Le président Cyril Ramaphosa a réagi à l'arrêt de la Cour constitutionnelle sur l'affaire Phala Phala, qui a jugé que le vote du Parlement sur cette question avait été influencé par une erreur de droit matérielle et était donc invalide.
L'arrêt de la Cour constitutionnelle, rendu le [date non vérifiée], a déclaré que la décision de l'Assemblée nationale de rejeter une motion pour une enquête indépendante sur le scandale de la ferme Phala Phala était inconstitutionnelle.

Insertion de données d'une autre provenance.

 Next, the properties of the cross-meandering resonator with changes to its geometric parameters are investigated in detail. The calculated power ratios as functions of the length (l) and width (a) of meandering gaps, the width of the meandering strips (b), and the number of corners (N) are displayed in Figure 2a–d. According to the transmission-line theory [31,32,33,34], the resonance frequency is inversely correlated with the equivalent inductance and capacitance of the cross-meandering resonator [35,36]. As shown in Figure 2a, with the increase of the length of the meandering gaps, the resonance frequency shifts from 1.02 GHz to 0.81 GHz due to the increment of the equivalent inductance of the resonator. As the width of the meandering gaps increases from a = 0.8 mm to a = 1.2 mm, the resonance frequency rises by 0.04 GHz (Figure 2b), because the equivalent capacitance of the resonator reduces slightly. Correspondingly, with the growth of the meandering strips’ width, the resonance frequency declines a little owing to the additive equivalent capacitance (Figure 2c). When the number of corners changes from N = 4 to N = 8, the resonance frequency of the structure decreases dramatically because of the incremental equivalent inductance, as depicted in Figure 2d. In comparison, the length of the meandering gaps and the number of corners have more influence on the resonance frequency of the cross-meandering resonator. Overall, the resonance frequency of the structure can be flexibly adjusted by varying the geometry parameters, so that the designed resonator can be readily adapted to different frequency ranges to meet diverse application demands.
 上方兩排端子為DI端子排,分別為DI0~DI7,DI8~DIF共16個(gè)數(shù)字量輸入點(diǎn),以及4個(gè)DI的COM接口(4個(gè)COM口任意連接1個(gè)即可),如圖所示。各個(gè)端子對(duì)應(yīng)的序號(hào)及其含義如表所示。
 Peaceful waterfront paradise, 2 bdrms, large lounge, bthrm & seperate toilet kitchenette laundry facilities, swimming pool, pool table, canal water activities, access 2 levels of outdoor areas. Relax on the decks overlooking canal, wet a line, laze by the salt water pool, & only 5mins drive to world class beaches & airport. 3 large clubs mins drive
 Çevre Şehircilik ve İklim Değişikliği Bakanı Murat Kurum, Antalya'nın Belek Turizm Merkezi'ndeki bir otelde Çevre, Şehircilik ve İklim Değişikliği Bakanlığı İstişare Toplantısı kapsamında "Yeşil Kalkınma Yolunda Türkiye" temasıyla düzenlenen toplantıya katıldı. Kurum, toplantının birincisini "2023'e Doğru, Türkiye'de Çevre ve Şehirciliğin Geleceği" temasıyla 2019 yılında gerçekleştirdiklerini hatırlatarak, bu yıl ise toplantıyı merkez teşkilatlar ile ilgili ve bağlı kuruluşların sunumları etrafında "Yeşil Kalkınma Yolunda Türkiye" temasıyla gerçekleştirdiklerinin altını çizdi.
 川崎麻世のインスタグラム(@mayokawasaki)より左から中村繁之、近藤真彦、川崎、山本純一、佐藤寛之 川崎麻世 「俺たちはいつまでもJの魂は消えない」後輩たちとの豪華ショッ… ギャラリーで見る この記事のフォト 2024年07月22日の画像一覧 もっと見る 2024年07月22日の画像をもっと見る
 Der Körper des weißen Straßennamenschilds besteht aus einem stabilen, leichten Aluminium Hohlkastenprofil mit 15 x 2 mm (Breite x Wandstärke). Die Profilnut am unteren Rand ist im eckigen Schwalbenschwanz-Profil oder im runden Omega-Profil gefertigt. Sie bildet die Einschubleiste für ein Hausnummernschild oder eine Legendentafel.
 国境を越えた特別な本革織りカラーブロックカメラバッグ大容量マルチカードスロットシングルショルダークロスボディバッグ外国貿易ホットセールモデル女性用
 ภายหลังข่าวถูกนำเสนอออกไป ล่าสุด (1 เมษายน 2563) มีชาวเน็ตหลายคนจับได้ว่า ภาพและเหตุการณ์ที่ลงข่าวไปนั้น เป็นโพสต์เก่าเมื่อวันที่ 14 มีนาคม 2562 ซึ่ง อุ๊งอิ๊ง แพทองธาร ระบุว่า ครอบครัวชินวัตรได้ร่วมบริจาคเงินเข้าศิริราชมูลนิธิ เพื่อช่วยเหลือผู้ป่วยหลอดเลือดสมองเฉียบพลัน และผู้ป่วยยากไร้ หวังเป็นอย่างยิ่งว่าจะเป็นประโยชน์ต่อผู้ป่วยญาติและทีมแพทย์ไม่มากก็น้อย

La Cour a ordonné au Parlement de reconsidérer la question.
Dans sa réaction, Ramaphosa a déclaré qu'il respectait l'arrêt et qu'il se conformerait à la décision de la Cour. Il a souligné l'importance de l'État de droit et de la séparation des pouvoirs, notant que l'exécutif coopérera avec le Parlement pour mettre en œuvre l'arrêt.
L'affaire Phala Phala concerne le vol de devises étrangères à la ferme de Ramaphosa en 2020, ce qui a donné lieu à des allégations de blanchiment d'argent et de corruption. Le président a nié tout acte répréhensible.
Les analystes politiques affirment que cet arrêt pourrait avoir des implications significatives pour la présidence de Ramaphosa et la prochaine conférence électorale de l'ANC. L'opposition a appelé le président à démissionner, mais Ramaphosa a maintenu son innocence.